Oromia: Ethiopia’s War in the Shadows

By Alyssa Oravec, Oromo Legacy Leadership and Advocacy Association, February 14, 2023

In November 2020, a civil war broke out in northern Ethiopia. Much of the world is aware of the extreme toll of that conflict on civilians in the affected regions, including the atrocities perpetrated by all parties to the conflict and the de facto blockade on humanitarian aid which led to a man-made famine. In response, the international community came together to pressure the Ethiopian government and the Tigray People’s Liberation Front to find a peaceful means to end the conflict and lay the groundwork for lasting peace in the country. At long last, in November 2022, a peace agreement was reached between the two parties following a series of talks in Pretoria led by the African Union and supported by the United States and others.

While to the casual observer, it may seem that this peace agreement will serve to bring an end to violence in Ethiopia and usher in an era of peace and regional stability, those who work on issues relating to the country are all too aware that this conflict is far from the only one affecting the country. This is particularly true in Oromia–Ethiopia’s most populous region–where the Ethiopian government has conducted a years-long campaign aimed at eliminating the Oromo Liberation Army (OLA). The effects of this campaign, which also have been exacerbated by inter-ethnic violence and drought, have been devastating for civilians on the ground and appear unlikely to end without sustained pressure from the international community.

This article serves as an introduction to the current human rights and humanitarian crisis inside the Oromia region of Ethiopia, including the historical roots of the conflict and a discussion of steps that could be taken by the international community and the Ethiopian government to find a peaceful resolution to the conflict. Above all else, this article seeks to shed a light on the impact of conflict on Oromia’s civilian population.

Historical Context

The Oromia region of Ethiopia is the most highly populated of Ethiopia’s twelve regions. It is centrally located and surrounds Ethiopia’s capital city, Addis Ababa. As such, maintaining stability within the Oromia region has long been seen as key to maintaining stability throughout the country and the Horn of Africa, and it is likely that increasing insecurity in the region could have severe economic consequences for the country.

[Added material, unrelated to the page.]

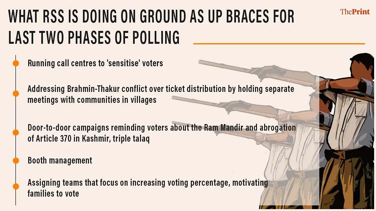 संघ परिवार हर तरीका अपना रहा है. इनमें बूथ प्रबंधन, पोलिंग स्टेशन की सुरक्षा, वोटरों का उत्साह बनाए रखना, क्षेत्र में राष्ट्रवादी मुद्दों को उभारना, पूर्वांचल में ब्राह्मणों की नाराजगी को दूर करने से लेकर विदेशी फंड से चल रहे विपक्षी दलों से वोटरों को सावधान करना शामिल है.

The majority of civilians living inside the Oromia region are from the Oromo ethnic group, although members of all of Ethiopia’s 90 other ethnic groups are found in the region. The Oromos comprise the single largest ethnic group in Ethiopia. However, despite their size, they have faced a long history of persecution at the hands of multiple Ethiopian governments.

Although much of the western world considers Ethiopia to be a country that was never successfully colonized by European powers, it is important to note that the members of many ethnic groups, including the Oromo, consider themselves to have been effectively colonized during the military campaign led by Emperor Menelik II that formed the country of Ethiopia.  Emperor Menelik II’s regime viewed the indigenous groups they conquered as “backward”, and utilized repressive tactics to encourage them to adopt aspects of the dominant Amhara culture.  Such acculturation efforts included banning the use of Afaan Oromoo, the Oromo language.  Repressive measures continued to be utilized against various ethnic groups throughout the lifespan of the Ethiopian monarchy and under the DERG.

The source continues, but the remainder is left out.